Keywords: catalase, polymorphism, cancer, susceptibility, meta-analysis

INTRODUCTION

Worldwide, cancer is currently the main cause of death and a public health problem that seriously threatens human health [1]. Biological and epidemiological studies have shown that carcinogenesis is a sophisticated, multivariate process resulting from interactions between genetic and environmental factors [2]. However, the exact mechanism of carcinogenesis has not been fully elucidated. Many aspects of malignant cancers, including carcinogenesis, aberrant growth, metastasis, and angiogenesis, have been attributed to reactive oxygen species (ROS) [3]. Such ROS-mediated damage to cellular macromolecules is thought to accumulate as a function of age, thus promoting carcinogenesis [4, 5].

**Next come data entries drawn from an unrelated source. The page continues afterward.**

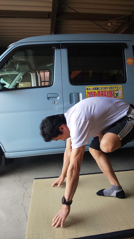 片足立ちのまま前かがみになり、両手の平を畳にしっかりと着けます。
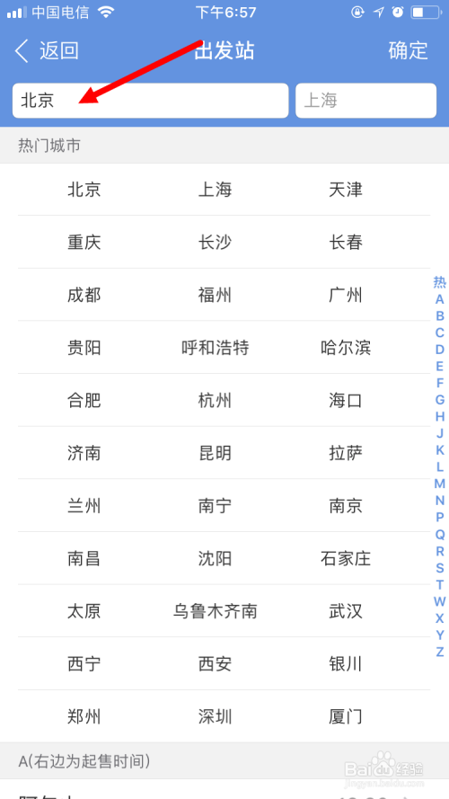 然后,选择出发站。
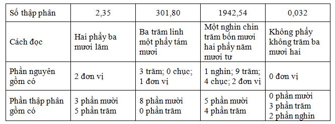 Đọc số thập phân, nêu phần nguyên, phần thập phân và giá trị theo vị trí của mỗi chữ số ở từng hàng. Viết số thập phân có:
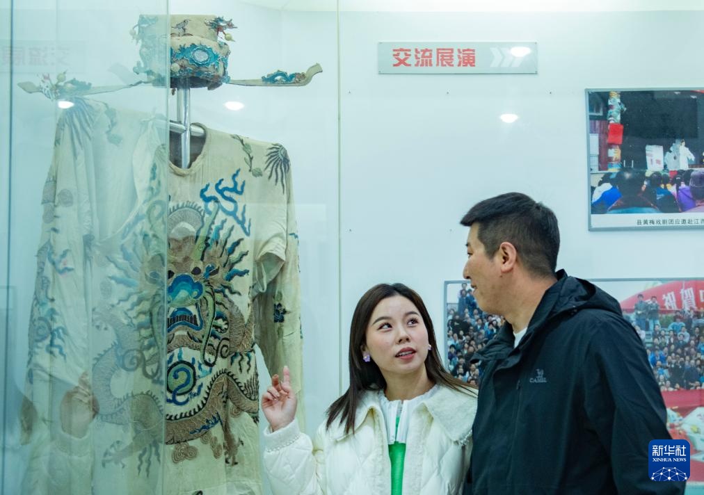 11月29日,在怀宁县黄梅阁剧院,谢慧慧(左)和同为剧团演员的丈夫左小伟在史料陈列室讨论戏服展品。
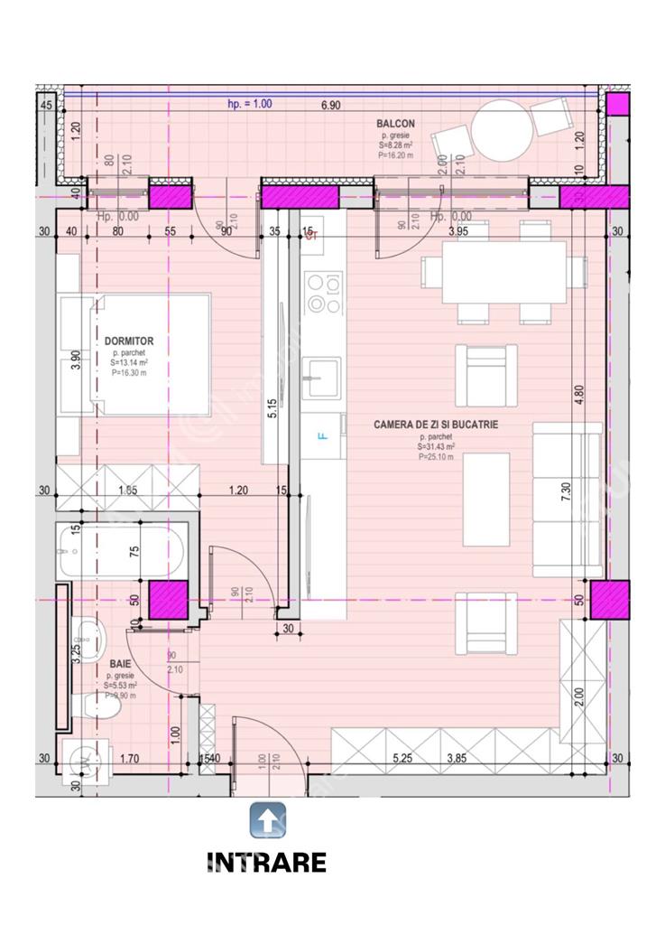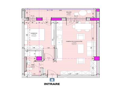 Apartamentul are o suprafata utila de 50,10 mp si este compartimentat eficient: living generos deschis cu bucataria in suprafata de 31,43 mp, dormitor de 13,14 mp, baie de 5,53 mp.

Catalase (CAT) is an important endogenous antioxidant enzyme that decomposes hydrogen peroxide to oxygen and water, thus limiting the deleterious effects of ROS[6]; accordingly, the CAT gene may play an important role in substance metabolism. CAT is located on the nuclear chromosome 11p13, and polymorphisms in this gene have been reported to associate with the development of many types of cancer, such as invasive cervical cancer and prostate cancer [7].

The rs1001179 polymorphism (C-262T) is located in the promoter region of CAT, where it influences transcription factor binding and alters the basal transcription and consequent expression of the encoded enzyme [8]. The rs794316 polymorphism (A-15 T) has been identified in the promoter region near the CAT start site, and the endogenous variability of this promoter likely plays a role in the host response to oxidative stress [9]. A large number of previous studies in humans have suggested a possible correlation between genetic polymorphisms of CAT and susceptibility to cancers, such as prostate cancer [1014], breast cancer [15], and hepatocellular carcinoma [1619]. However, those studies published inconsistent results. Accordingly, we conducted a meta-analysis to combine data from all of the available case-control studies in order to validate the association of CAT polymorphisms with cancer risk.

RESULTS

Characteristics of included studies

A flow chart of the study selection process is shown in Figure 1. Initially, 374 articles were identified. After reading the titles and abstracts of all the articles, 310 were excluded (164 articles were not related to cancer patients, 137 articles were not case-control studies and 9 articles were about other polymorphisms). After searching through the full texts of the remaining articles, an additional 15 were excluded, including 9 articles that contained no useful data and 6 articles that had re-reported data. Finally, a total of 37 studies from 29 published articles, involving 14,942 cases and 43,285 cancer-free controls, were included in this meta-analysis. The eligible studies presented data for several different cancer types, including prostate cancer, hepatocellular carcinoma, breast cancer, and colorectal cancer. Among these studies, 10 were based on Asian populations [9, 13, 1517, 2022], 20 on Caucasian populations [7, 10, 11, 14, 18, 2333], 1 on an African population [14], and 6 on mixed-ethnicity populations [12, 19, 31, 3436]. Furthermore, in 3 studies, the genotype distributions of the control groups departed from Hardy-Weinberg equilibrium (HWE) [7, 10, 20]. The characteristics of the eligible studies are presented in Table 1.

Figure 1. Flow diagram of included studies for the meta-analysis.

Figure 1

CNKI = China National Knowledge Infrastructure.

Table 1. Characteristics of the studies included in the meta-analysis.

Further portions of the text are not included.